Now we can find the AP by substituting these values into the formula:
an = a1 + (n-1)d
Let's find the first 50 terms of the AP and calculate their sum:
Sum = (number of terms / 2) * (first term + last term)
The first term (a1) is -1, and we can find the 50th term (a50) using the formula:
a50 = a1 + (50-1)d
a50 = -1 + 49(4)
a50 = -1 + 196
a50 = 195
Substituting these values into the sum formula:
Sum = (50 / 2) * (-1 + 195)
Sum = 25 * 194
Sum = 4850
Therefore, the sum of the first 50 terms of the arithmetic progression is 4850.
To find the terms of an arithmetic progression (AP) and the sum of its terms, we can use the formulas associated with APs.
Let's say the first term of the AP is 'a', and the common difference is 'd'.
Given that the fourth term is 11, we know that:
a + (4-1)d = 11 ----(1)
We can simplify this equation to:
a + 3d = 11 ----(2)
Now, we are also given that the eighth term exceeds twice the fourth term by five. So, the eighth term is (2*11+5) = 27.
Using the formula for the nth term of an AP, we can write this as:
a + (8-1)d = 27 ----(3)
Simplifying this equation gives:
a + 7d = 27 ----(4)
We now have a system of equations (2) and (4) with two variables 'a' and 'd'. We can solve this system to find the values of 'a' and 'd'.
Subtracting equation (2) from equation (4), we get:
a + 7d - (a + 3d) = 27 - 11
Simplifying, we have:
a + 4d = 16 ----(5)
Solving equations (2) and (5) simultaneously will give us the values of 'a' and 'd'.

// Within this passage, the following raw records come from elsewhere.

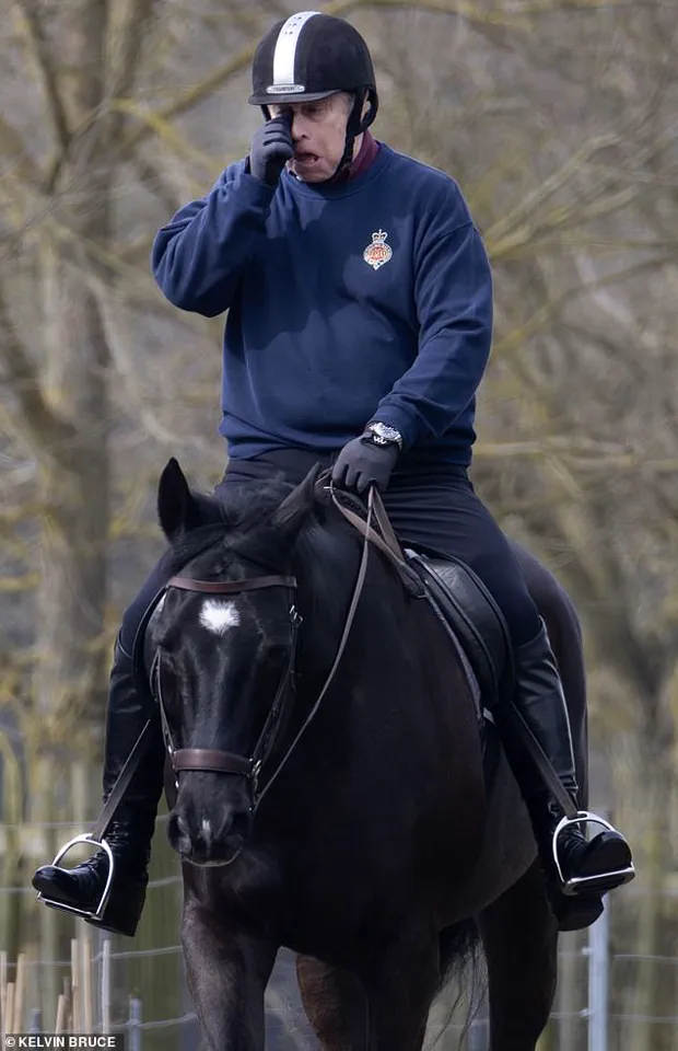 He accompanied this casual attire with black jodhpurs and riding boots, along with a black helmet. Prince Andrew was seen driving himself between his residence and the riding area on the estate. In one photograph, he appeared to be smiling, suggesting a content mood despite recent legal challenges.
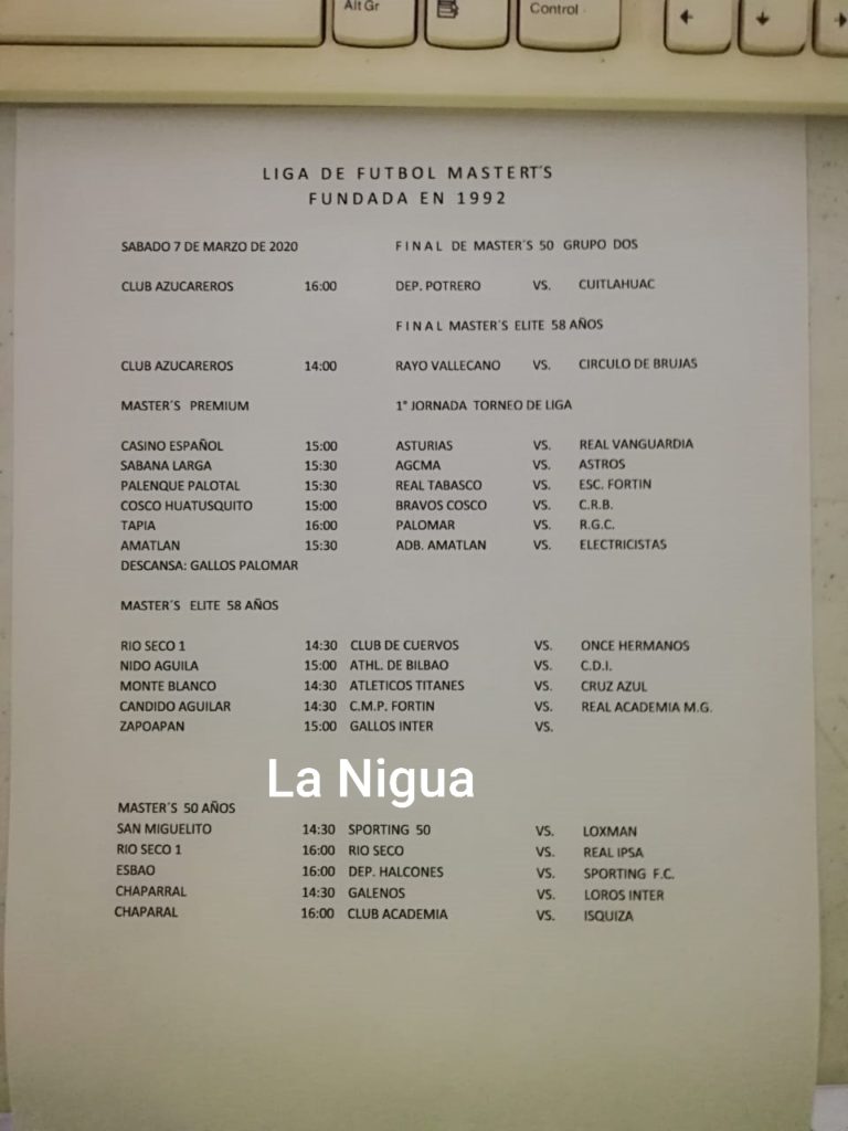 Roberto Luévano Vega, presidente de la Liga de Futbol de los Masters, fundada en 1992, dijo a Nuevo Sol, que en las instalaciones del Club Azucareros se jugarán las dos finales, una a las 14 y otra a las 16 horas.
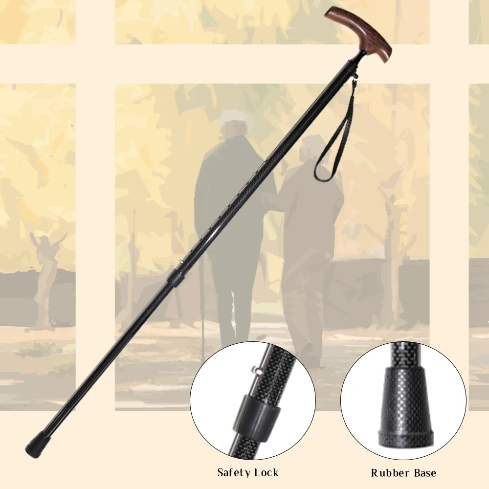 2024 Koolstofvezel wandelstok met wengéhouten handvat Sterke taaiheid Verstelbare lengte voor ouderen Rubberen basis
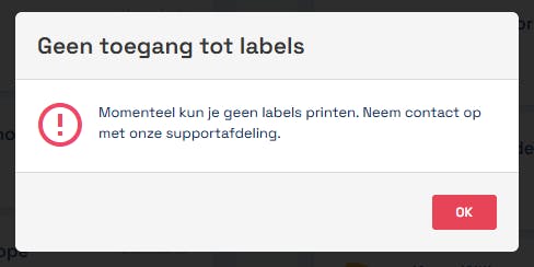 This says that momentarily I can't print shipping labels, and to contact their support department. So that's where we're at!
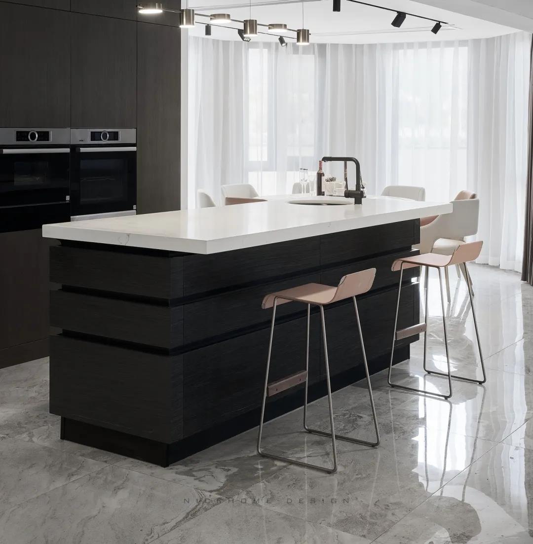 夾層為寬敞的餐廚區(qū)域,中西合璧,空間互動感強(qiáng),動線流暢。
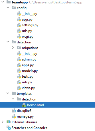 detection/home.html을 반환시키는 함수를 만들었다. 그렇다면 home.html 파일을 만들어주어야 한다. 하지만 그 전에 우선 템플릿 디렉토리 경로 설정부터 해주자.
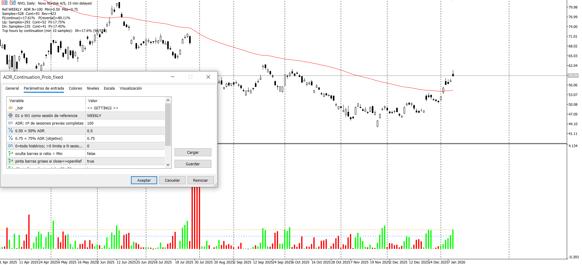 Os dejo por aquí este indicador por si alguien quiere entretenerse en estrujarlo más...yo por falta de tiempo y desconocimientos informáticos hasta aquí llego.. Básicamente te dice lo que el precio ya se ha movido X% de lo que normalmente se mueve; cuando llega a partir de X%, históricamente suele seguir hasta Y% o suele darse la vuelta, y además te dice en qué horas esa ‘continuación’ es más frecuente.
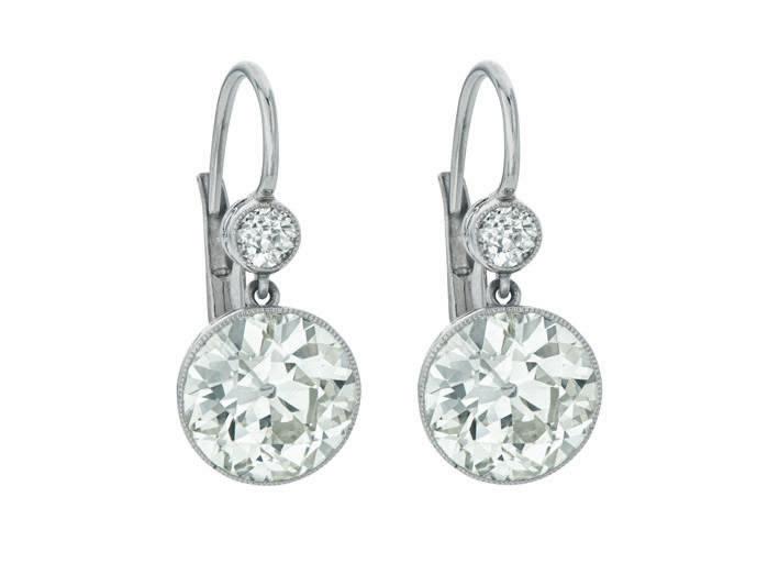 6.25ctw diamond drop earrings, antique reproduction in platinum, $72,000. Pearl and diamond garland design necklace in 18K white gold, $6,900.
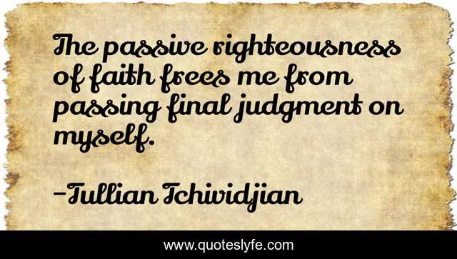 This page presents the quote "The passive righteousness of faith frees me from passing final judgment on myself.". Author of this quote is Tullian Tchividjian. This quote is about condemnation, guilt, self-centeredness,.
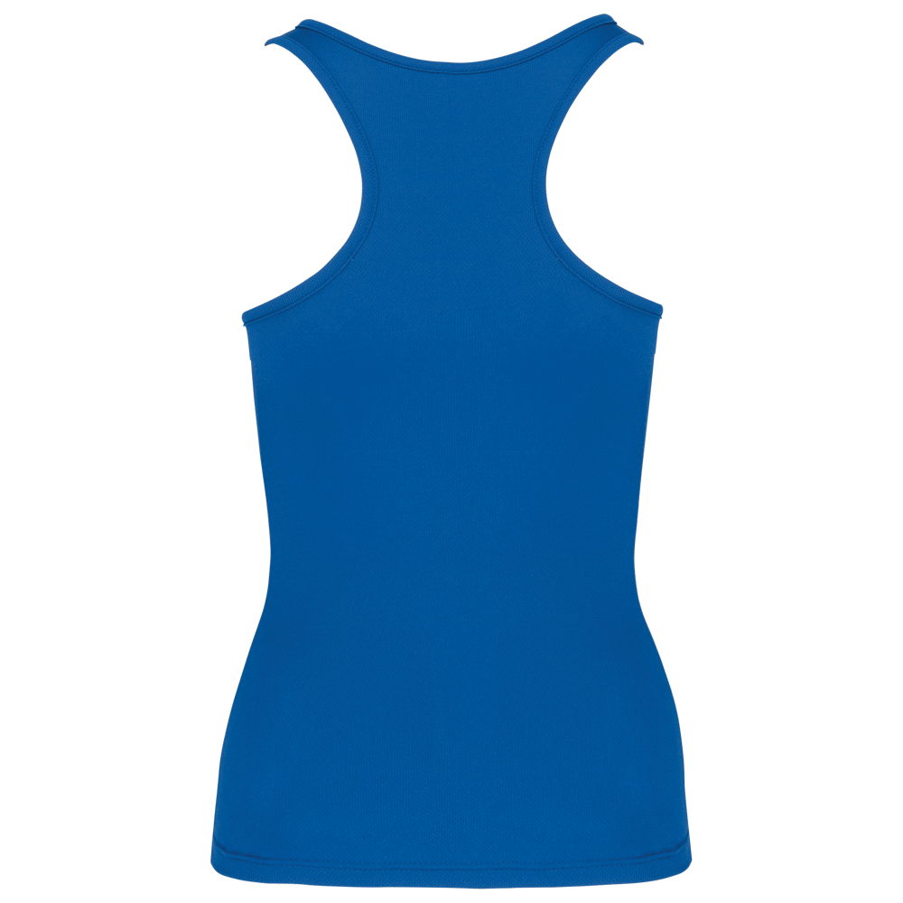 100% Poliestere. Tessuto leggero ad asciugatura rapida. Bretelle all'americana. Bordino al collo e al giromanica. Cuciture a doppio ago.

Subtracting equation (2) from equation (5), we get:
a + 4d - (a + 3d) = 16 - 11
Simplifying, we have:
d = 5 ----(6)
Substituting this value of 'd' into equation (2), we get:
a + 3(5) = 11
a + 15 = 11
a = -4
Therefore, the first term 'a' is -4 and the common difference 'd' is 5.
Hence, the AP is: -4, 1, 6, 11, 16, 21, 26, 31, ...
To find the sum of the first 50 terms, we can use the formula for the sum of an AP:
Sum (Sn) = (n/2) * [2a + (n-1)d]
Substituting the values of 'a', 'd', and 'n' (n = 50) into this formula, we can calculate the sum:
Sum (S50) = (50/2) * [2(-4) + (50-1)5]
Sum (S50) = 25 * [-8 + 49 * 5]
Sum (S50) = 25 * [-8 + 245]
Sum (S50) = 25 * 237
Sum (S50) = 5925
Therefore, the sum of the first 50 terms of the given AP is 5925.